(Virtual)
Competition Applications
Benchmarks
The Linpack Benchmark is a measure of a computer’s floating-point rate of execution. It is determined by running a computer program that solves a dense system of linear equations. It is used by the TOP 500 as a tool to rank peak performance. The benchmark allows the user to scale the size of the problem and to optimize the software in order to achieve the best performance for a given machine. This performance does not reflect the overall performance of a given system, as no single number ever can. It does, however, reflect the performance of a dedicated system for solving a dense system of linear equations. Since the problem is very regular, the performance achieved is quite high, and the performance numbers give a good correction of peak performance.

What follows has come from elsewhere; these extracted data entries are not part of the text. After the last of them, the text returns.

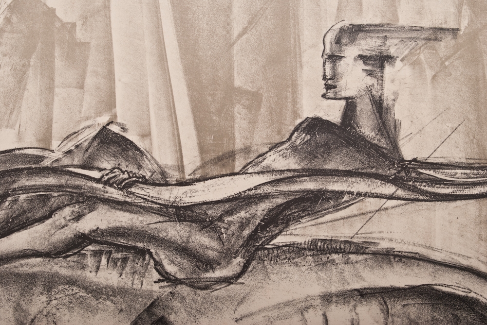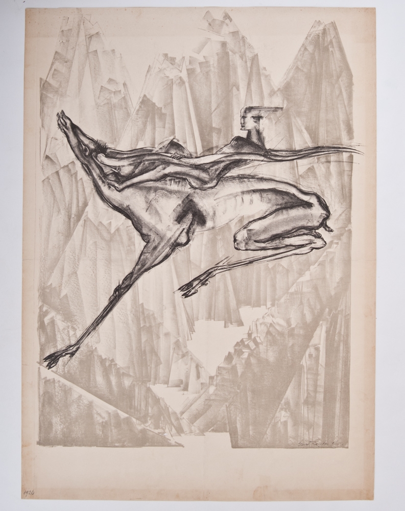 Peer Gynt. Poster without text for a show by N.V. Schouwtooneel lead by Adr. van der Horst and Jan Musch. Black and grey variant. 105x75 cm.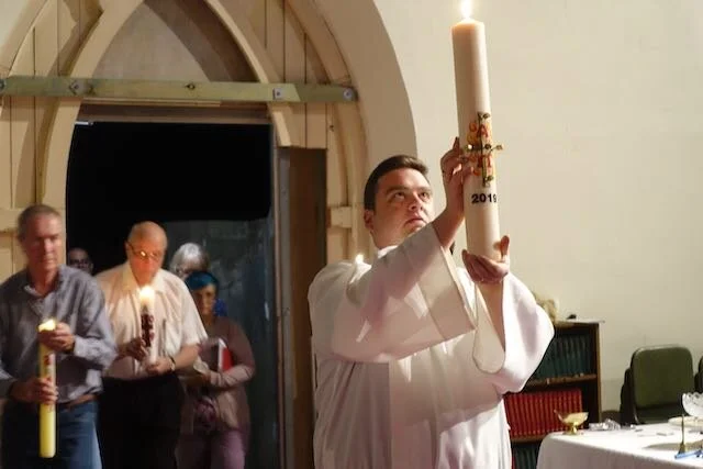 The Easter Eve ceremonies including the lighting of the new fire, the renewal of baptismal vows, and the blessing of the new Paschal Candles was held after sundown.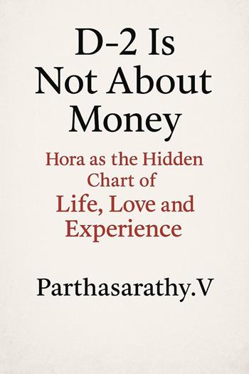D-2 Is Not About Money challenges one of the most entrenched assumptions in Jyoti?a—that the Hora (D-2) chart is only about wealth. In this groundbreaking work, Parthasarathy V reclaims Hora as the chart of life, love, and lived experience, showing that Sun and Moon do not merely divide riches, but divide how pra?a flows through a human life. Moving beyond prediction and psychology, the book explains how Hora governs: how we attach and detach how we experience love, loss, and continuity how authority, responsibility, and endurance shape us why some carry depth while others provide structure why affection, austerity, stability, and longing follow hidden patterns Rooted in classical Jyoti?a yet radically experiential, this book reframes Deva and Pit? Hora as two modes of living, not moral qualities. Through clear frameworks, authentic examples, and disciplined interpretation, the reader learns why Hora explains: relationship patterns that repeat emotional endurance without collapse detachment without bitterness mysticism without delusion and meaning without fatalism This is not a book about predicting outcomes. It is a book about understanding how life is actually lived. A must-read for serious students of Jyoti?a, astrologers, and seekers who sense that charts speak not only of events—but of experience itself.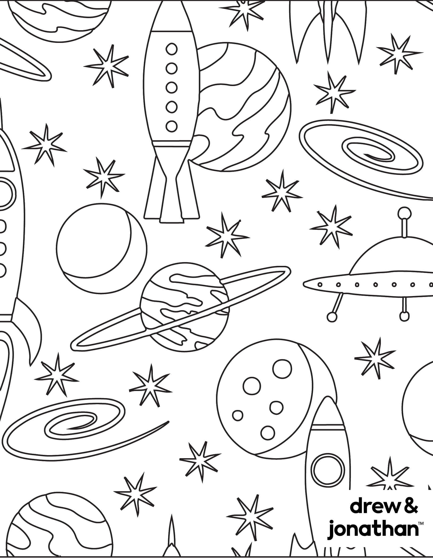 You can really “space out” when you start coloring this printable page. Consider getting some metallic coloring pens to shade in some stars and shiny rocket details, too.

The High Performance Conjugate Gradients (HPCG) Benchmark project is an effort to create a new metric for ranking HPC systems. HPCG is intended as a complement to the High Performance LINPACK (HPL) benchmark, currently used to rank the TOP500 computing systems. The computational and data access patterns of HPL are still representative of some important scalable applications, but not all. HPCG is designed to exercise computational and data access patterns that more closely match a different and broad set of important applications, and to give incentive to computer system designers to invest in capabilities that will have impact on the collective performance of these applications.

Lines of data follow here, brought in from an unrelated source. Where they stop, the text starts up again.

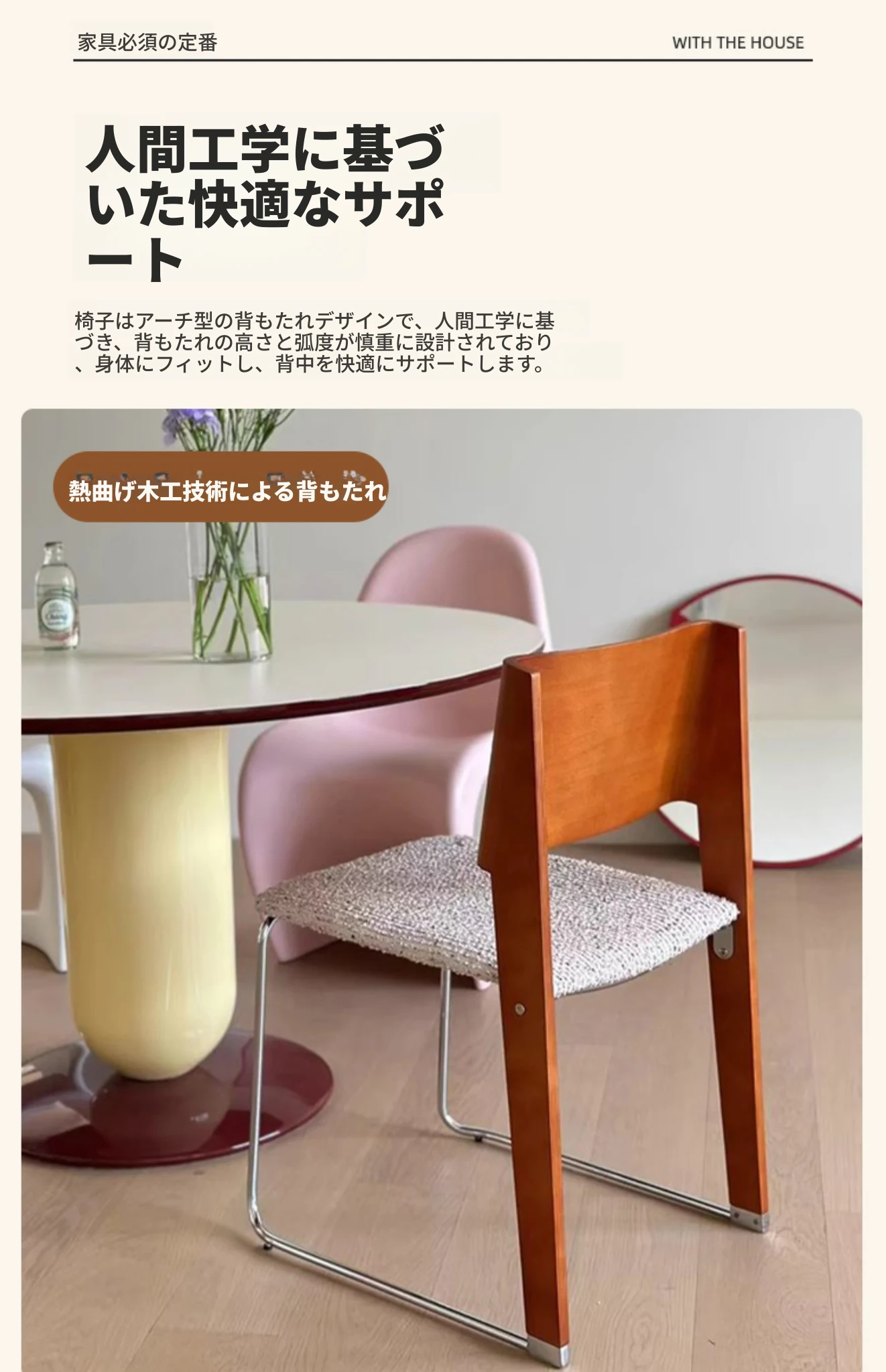 イタリアンミニマリストダイニングチェア|クリーム風デザインの布張り&本革|ラグジュアリーな食卓や書斎にぴったりの快適な背もたれ付き椅子!おしゃれで使い勝手抜群!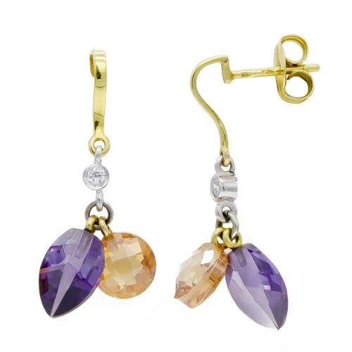18K PENDIENTES ORO BICOLOR PIEDRAS AMATISTA Y KUNCITA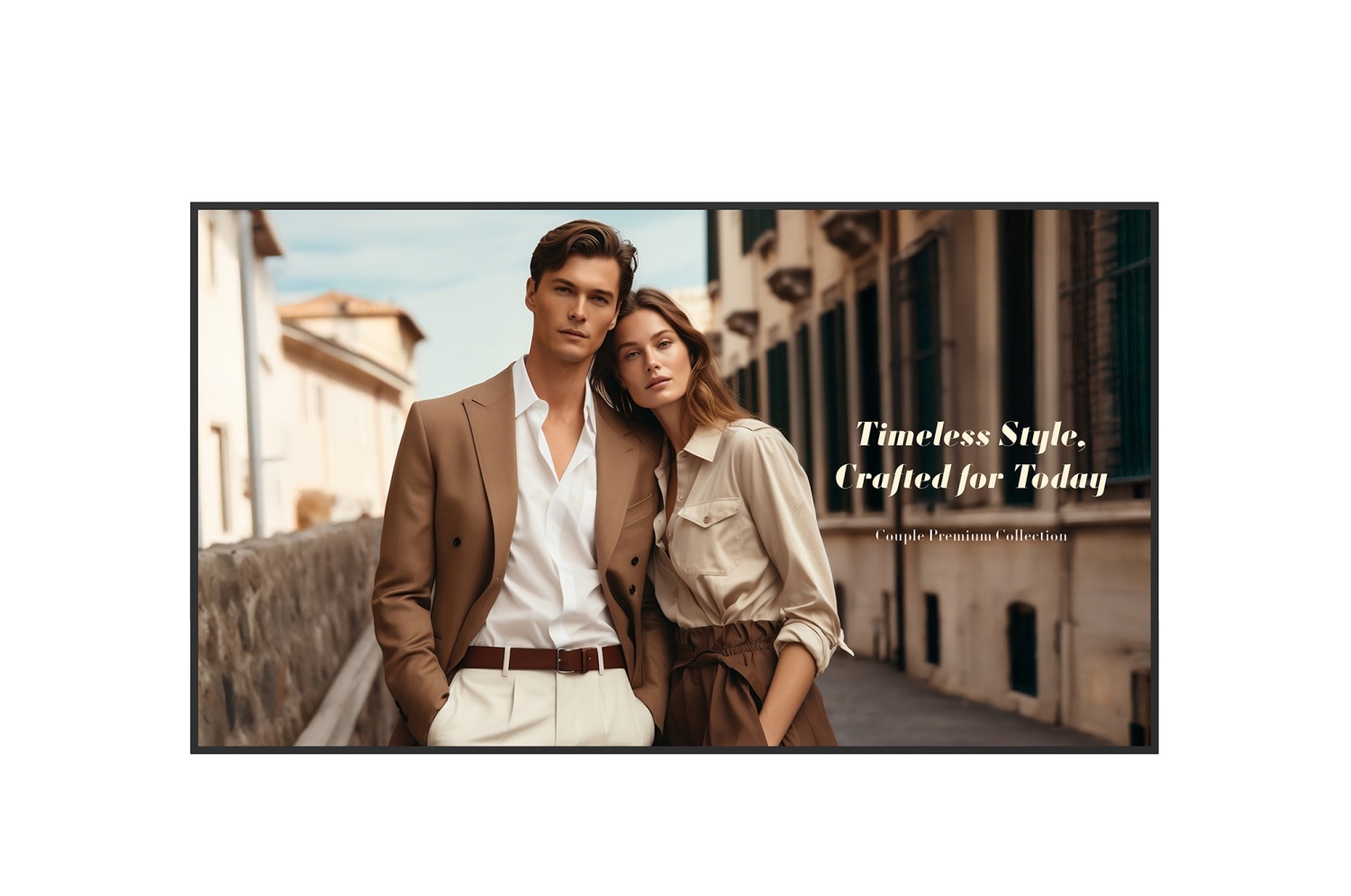 Seria UH5Q charakteryzuje się idealnie wyważonymi, poziomymi i pionowymi, smukłymi ramkami, tworząc wizualnie harmonijne rozwiązanie. Jej specjalistyczna konstrukcja ułatwia instalację w sklepach detalicznych, zapewniając jednocześnie prawdziwie wciągające wrażenia wizualne.

The IO500 benchmark is a benchmark suite for High-Performance IO. It harnesses existing and trusted open-source benchmarks such as IOR and MDTest and bundles execution rules and multiple workloads with the purpose to evaluate and analyze the storage devices for various IO patterns. The IO500 benchmark is designed to provide performance boundaries of the storage for HPC applications regarding data and metadata operations under what are commonly observed to be both easy and difficult IO patterns from multiple concurrent clients. Moreover, there is a phase that scans for previously-created files that match certain conditions using a (possibly file system-specific) parallel find utility to evaluate the speed of namespace traversal and file attribute retrieval. The final score that is used to rank submissions in the list is a combined score across all the executed benchmarks.
Applications
Cardioid
Cardioid is a cardiac simulation suite for simulating clinical cardiac phenomena. It is capable of simulating both electrophysiological and mechanical organ-level simulations, and has processing tools for computing cardiac meshes, reconstructions of torso ECGs, and generating realistic cardiac fiber orientations. The Cardioid electrophysiology solver was a Gordon Bell finalist and has strong-scaled to all of the Vulcan supercomputer for a clinically relevant problem. The code is parallelized using MPI, and has separate optimized loops for taking advantage of OpenMP, SIMD instruction sets for CPU architectures, and CUDA for GPU architectures.
Quantum ESPRESSO is a software package for first-principles electronic-structure calculations and materials modeling based on density-functional theory, plane wave basis sets, and pseudopotentials
At the start of the competition, teams were given an application and datasets for the mystery application, described below. Students are expected to build, optimize and run this mystery application, all at the competition.
CosmicTagger is a multi-image, semantic segmentation application from high energy neutrino physics. With large, high resolution and sparse target labels, it is a challenging segmentation task. When trained to completion, this network achieves more than 95% accuracy on pixels of interest, outperforming traditional techniques by a factor of 5. The high resolution nature of the images, however, makes this application computationally expensive and difficult to train to convergence without a high performance cluster. More information
here.
Reproducibility Challenge
Once again, students in the cluster competition will be asked to replicate the results of a publication from the previous year’s SC conference. For this challenge, students will take on the role of reviewing an SC20 paper to see if its results are reproducible. The SC21 Reproducibility Committee has selected the paper “A Parallel Framework for Constraint-Based Bayesian Network Learning via Markov Blanket Discovery” by Ankit Srivastava, Sriram P. Chockalingam, and Srinivas Aluru to be the Student Cluster Competition (SCC) benchmark for the Reproducibility
Challenge this year.
Last year, thanks to the adoption of automatically generating an Artifact Descriptor (AD) during submission time, all accepted papers from SC20 featured an AD in their appendix. A team of reviewers selected the paper from these past papers based on the AD, author interviews, and its
suitability for the SCC. The authors and the Reproducibility Committee have been working to create a reproducible benchmark that builds on the paper’s results. During the SCC, the student teams will be asked to run the benchmark, attempting to reproduce the findings from the original paper under different settings with different data sets.